The corresponding \(\log (t)\) increase of contact strength can be traced down to the atomic scale using atomic force microscopy63. The collective dynamics of a large ensemble of such discrete contacts was shown to govern the strength of a larger interface61. This is encompassed within empirical rate-and-state friction laws64,65, which explicitly contain a \(\log (t)\) strength increase if contact age is used as state parameter. Based on the large number of grain-to-grain contacts in the sandstone sample used in our experiments, we can expect that there are contacts which slide even at the small strains applied here.
Past testing on sandstones at even smaller strain levels (down to 10−8) has hinted at the fact that the nonclassical effect might only appear above a certain threshold, below which the sample would behave in a classically nonlinear elastic way66. This could be interpreted as further evidence that sliding along grain contacts, which only occurs once the frictional strength of the interface is overcome, can be held responsible for the nonclassical effect. Decreases of the acoustic wavespeed due to changes in the real contact area will thus occur whenever the sample is loaded or unloaded, and it will be followed by an increase with the characteristic \(\log (t)\) dependence. Thus, the phenomenon of a real contact area decrease upon sliding along oblique contacts (Fig. 3) explains the instantaneous drop in velocity during both loading and unloading—as well as during an oscillating load—while the following re-increase along those same contacts during contact aging causes the subsequent recovery. Moreover, it also explains the vanishing anisotropy of the corresponding velocity signal.
Let us take the two-dimensional case as an example to examine the anisotropy. The contacts sliding first have low friction and will roughly form a + 45° angle with the loading axis. Similar to the classical effect, the change in real contact area affects the velocity as \({\cos }^{2}(\gamma )\), where γ is the incidence angle of the ray. By the same token, the set of contacts at a - 45° angle with the loading axis has a \({\sin }^{2}(\gamma )\) dependence. The overall angle dependency is \({\cos }^{2}(\gamma )+{\sin }^{2}(\gamma )=1\), leaving us with an overall constant and isotropic nonclassical effect (ii).
We stress that our results indicate that the inclined sliding contacts themselves cause the nonclassical effect, and that the recovery does not rely on continued sliding of the contacts since contact aging takes place during hold. This means that wing cracks or similar opening and closing features at the edges of the sliding contacts cannot be responsible for the nonclassical damage and healing40, as their opening and closing results in the same anisotropy and sign as the classical effect, even if the dynamics is mediated by friction of the sliding contact.

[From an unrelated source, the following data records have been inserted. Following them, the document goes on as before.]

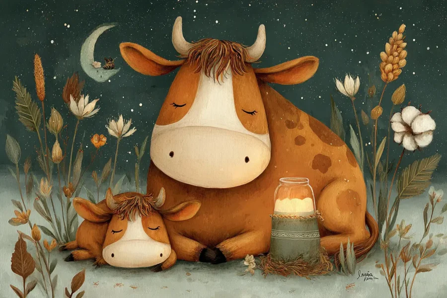 Тепла казка на ніч розповідає про добру корову Мілку, яка одного вечора помічає, що її молоко світиться, мов маленька зірочка. Зоряне молоко допомагає тим, хто не може заснути, знайти спокій…
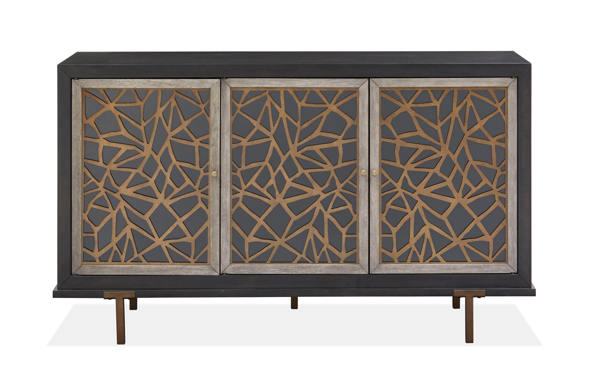 Distinctive in every way, the Ryker dining collection offers a refreshing take on dining in style. Its unique character combines a stunning mix of materials, including wood, metal and glass. It features a Nocturn Black and Coventry Grey finish that highlights its strong contemporary profiles and is accented with both black glass and clear mirror. A signature fractal pattern design element highlights select pieces and gives a distinctively modern edge to the group while metal ferrules in Aged Brass add a finishing touch to the legs. With exceptional beauty and comfort, Ryker is perfectly suited to take a dining room from unremarkable to truly remarkable.
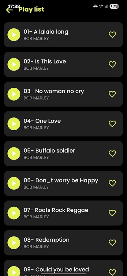 Самые замечательные песни исполнителя Боба Марли в одном приложении и без сети, надеемся, что вам понравится
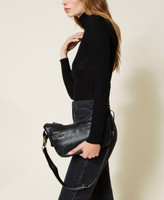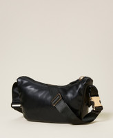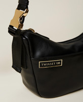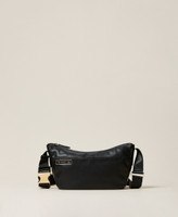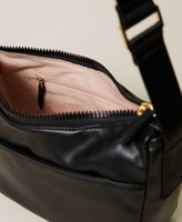 Calfskin-like zipped bag in the shape of a squared crescent, adjustable ribbon strap, logo label.
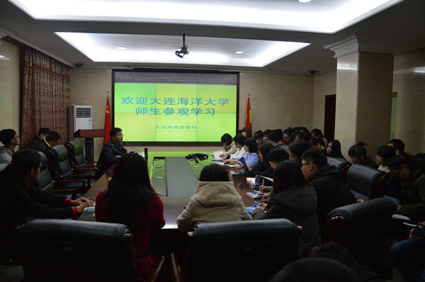11月7日,学院教师彭绪梅、翟翡、朱晓丹带队,组织行政2012级学生走访了大连市渔港监督局,活动得到市渔港监督局的大力支持,双方举行了座谈会,座谈会由办公室主任郭庆祝主持。监督局相关领导全面讲解了大连市渔港监督信息化管理的概况,介绍了精品民生工程项目——大连市海上渔船AIS避碰与近岸GPS救助信息终端系统,演示了信息操控系统并播放了海难救助实况视频。会后,向我校师生赠送了相关学习资料。

Our experiments show that the relative acoustic velocity variations have two main contributors: the classical component, which is correlated to the applied stress, and the nonclassical component, which is always a decrease during load changes irrespective of their sign followed by the SD \(\log (t)\) recovery. By using direct wave velocity measurements with positive and negative stress changes at different angles with the loading axis, we introduce anisotropy as an explicit observable to study SD. We observe a decisive difference in anisotropy between the classical and nonclassical nonlinear elastic effects, manifesting differences in their origin.

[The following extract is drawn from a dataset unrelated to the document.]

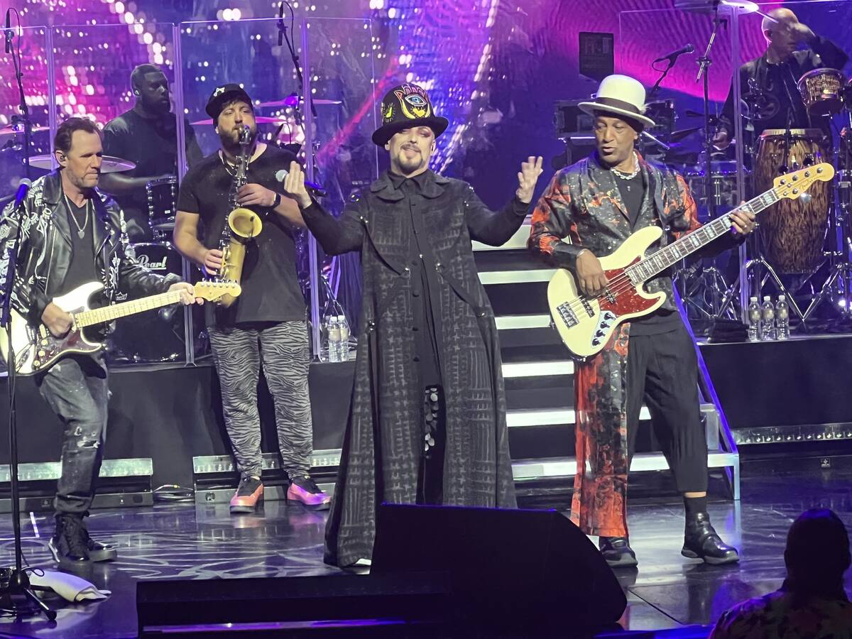 We’ll take that production, certainly, in any Culture Club return to Vegas. But the scene after Saturday’s performance also was something of a show. George welcomed his old buddy Matt Goss to the post-show hang in the theater’s green room. The two knocked around ideas for how they might cross-promote their respective productions on the Strip. It was one of those moments where you thought, “How did we get here?”
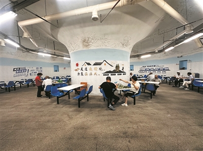 8月20日上午9时许,华盖山人防商业步行街内已是人流不断,步行街旁的避暑纳凉厅外早早坐满了一排休憩的老人。“以前夏天这里可热闹了,现在没事我还是喜欢来这儿坐坐。”一位老人感慨道。步入纳凉厅,只需几分钟,燥热便一扫而空。厅内,市民们三三两两,或刷手机、或品茶、或下棋聊天,里间的共享影院里,红色电影正引得不少人凝神观看。

Based on time dependency, symmetry with respect to the strain change, and, most importantly, on anisotropy, we propose that the nonclassical effect is due to frictional processes at oblique sliding contacts while the classical effect is due to compression of contacts oriented perpendicular to the loading axis.

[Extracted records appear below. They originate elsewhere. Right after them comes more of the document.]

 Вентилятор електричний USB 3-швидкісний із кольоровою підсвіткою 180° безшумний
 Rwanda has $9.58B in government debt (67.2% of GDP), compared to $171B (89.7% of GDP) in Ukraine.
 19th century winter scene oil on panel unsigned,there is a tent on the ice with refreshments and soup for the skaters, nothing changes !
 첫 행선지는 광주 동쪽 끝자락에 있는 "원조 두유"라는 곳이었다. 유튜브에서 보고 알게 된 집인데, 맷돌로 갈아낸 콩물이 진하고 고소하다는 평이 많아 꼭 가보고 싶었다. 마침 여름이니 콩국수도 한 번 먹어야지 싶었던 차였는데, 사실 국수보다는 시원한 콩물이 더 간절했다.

This conclusion has two consequences. First, it provides a natural explanation for the characteristic and omnipresent shape of SD, namely an instantaneous decrease followed by a transient \(\log (t)\) increase. The damage is directly imposed by the perturbation that displaces the opposite sides of contacts, known as contact rejuvenation in the physics of friction67. The transient increase—or recovery—of the elastic moduli in the healing phase is related to the transient increase in frictional strength during hold time, known as contact aging in friction experiments65. Even though the precise mechanism is not clear (increase of contact area or contact quality, creation of chemical bonds, indentation creep), recognizing the common origin of SD and contact aging might ease future investigation. According to this interpretation, the nonclassical effect represents the earliest phase in the development of failure1,68, when the damage is still localized in asperities distributed throughout the sample where it can recover on an observable time scale.
Methods
Material and sample preparation
We perform our experiments on a sample of Bentheim sandstone, retrieved near Bentheim, Germany. It is mostly composed of quartz (96.5%), followed by feldspar (2%), and kaolinite (1.5%). Grain size ranges from 50 μm to 550 μm and porosity is ~23.3%47. The reasons for our choice of material are twofold: first, it is a porous sandstone with grains that are homogeneous both in size distribution and in chemical composition. Second, it is very weakly anisotropic42,69 by rock standards, with no discernible layering and no obvious grain shape anisotropy. This allows us to limit the complexity in our sample to its hard grains and soft bonds structure, which has been shown to be a key factor when investigating these nonclassical elastic effects22.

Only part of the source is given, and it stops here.